Issue
I have blured an image. But it is not smooth.
I heard that if I use the gaussian blur technique then I can remove the box effect.
But I don't know how to implement it with my code (I did some random technique but it messes with the color). Can you suggest me how to do gaussian blur with my code?
public class BlurImageDemo {
Color c[];
BlurImageDemo() throws IOException, InterruptedException {
File f = new File("D:\\x.jpg");
BufferedImage im = ImageIO.read(f);
BufferedImage bi = new BufferedImage(im.getWidth(), im.getHeight(), BufferedImage.TYPE_INT_RGB);
int i = 0;
int max = 400, radius = 10;
int a1 = 0, r1 = 0, g1 = 0, b1 = 0;
c = new Color[max];
int x = 1, y = 1, x1, y1, ex = 5, d = 0;
for (x = radius; x < im.getHeight() - radius; x++) {
for (y = radius; y < im.getWidth() - radius; y++) {
//20x20 matrix
for (x1 = x - radius; x1 < x + radius; x1++) {
for (y1 = y - radius; y1 < y + radius; y1++) {
c[i++] = new Color(im.getRGB(y1, x1));
//System.out.println(i);
}
}
i = 0;
for (d = 0; d < max; d++) {
a1 = a1 + c[d].getAlpha();
}
a1 = a1 / (max);
for (d = 0; d < max; d++) {
r1 = r1 + c[d].getRed();
}
r1 = r1 / (max);
for (d = 0; d < max; d++) {
g1 = g1 + c[d].getGreen();
}
g1 = g1 / (max);
for (d = 0; d < max; d++) {
b1 = b1 + c[d].getBlue();
}
b1 = b1 / (max);
int sum1 = (a1 << 24) + (r1 << 16) + (g1 << 8) + b1;
bi.setRGB(y, x, (int) (sum1));
}
}
ImageIO.write(bi, "jpg", new File("D:\\x1.jpg"));
}
public static void main(String[] args) throws IOException, InterruptedException {
new BlurImageDemo();
}
}
Solution
One really nice property of Gaussian blur is that it is separable, meaning that it can be expressed as the composition of a purely horizontal and a purely vertical blur. The advantage of doing that is that, per pixel, it them takes 2N multiplications (N is the size of the kernel), whereas the 2D non-separated version takes N2 multiplications. For N=7 (as you have), that's already a decent difference. It also has a small downside, the intermediate result is either rounded (losing some precision) or big (3 floats per pixel instead of 1 int), usually a little rounding is not a problem though.

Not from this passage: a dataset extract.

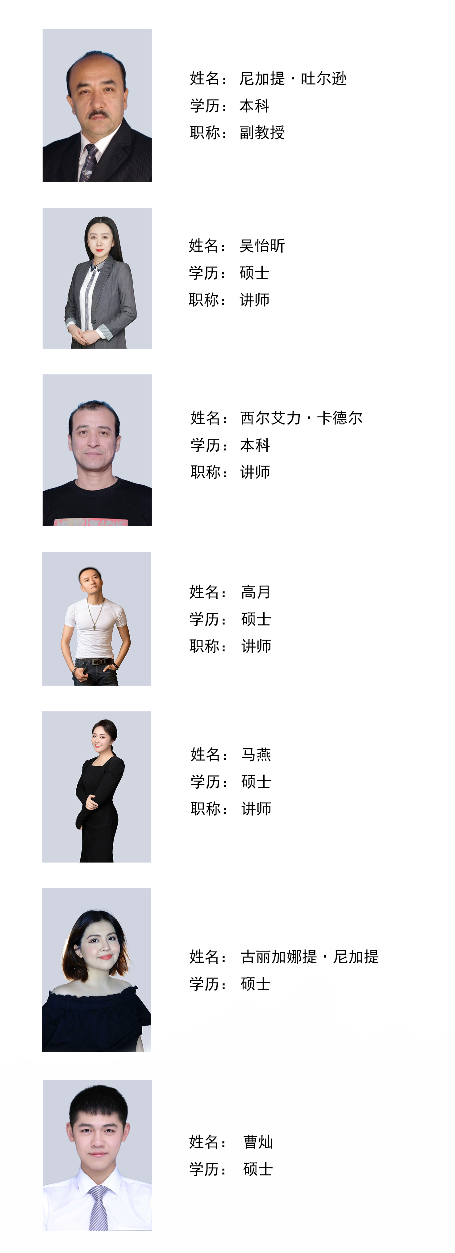 戏剧影视学院表演系现有教师8人,其中教授2名,副教授2名,讲师3名,助教1名;团队教师分别毕业于法国第八大学、中国传媒大学、中央戏剧学院、北京电影学院、上海戏剧学院、新疆艺术学院等学校,团队人员均有影视戏剧表演教学、导演、影视戏剧表演研究、表演等工作经历。具备丰富的教学和实践经验。表演系教师先后参与电影、电视剧拍摄,参演了《冰山上的来客》《木卡姆往事》《广州来了个新疆娃》《阿娜尔汗》《库尔班大叔上北京》 《都是一家人》《平凡英雄》《阿凡提》等多部影视作品,并担任主要角色。教师科研成果丰硕,共编写教材2部,发表论文120余篇。

An other thing, more of an implementation detail, is that the division by the total weight of the kernel can be put into the kernel itself, saving a whole bunch of (pretty slow) divisions.
Also your kernel doesn't actually look like a Gaussian, it's too "pointy". That's up to you, but the Gaussian kernel is the only circularly symmetric one that is also separable (if you only look at real-valued kernels) and generally has nice properties, so I would recommend only deviating from it if there is a good reason for it.
Anyway I'll write some example code now, not tested:
BufferedImage transposedHBlur(BufferedImage im) {
int height = im.getHeight();
int width = im.getWidth();
// result is transposed, so the width/height are swapped
BufferedImage temp = new BufferedImage(height, width, BufferedImage.TYPE_INT_RGB);
float[] k = new float[7] { 0.00598, 0.060626, 0.241843, 0.383103, 0.241843, 0.060626, 0.00598 };
// horizontal blur, transpose result
for (int y = 0; y < height; y++) {
for (int x = 3; x < width - 3; x++) {
float r = 0, g = 0, b = 0;
for (int i = 0; i < 7; i++) {
int pixel = im.getRGB(x + i - 3, y);
b += (pixel & 0xFF) * k[i];
g += ((pixel >> 8) & 0xFF) * k[i];
r += ((pixel >> 16) & 0xFF) * k[i];
}
int p = (int)b + ((int)g << 8) + ((int)r << 16);
// transpose result!
temp.setRGB(y, x, p);
}
}
return temp;
}
Since it also transposes, you can simply call it twice and the second time will effectively be a vertical blur that also restores the orientation:
temp = transposedHBlur(input);
result = transposedHBlur(temp);
Answered By - harold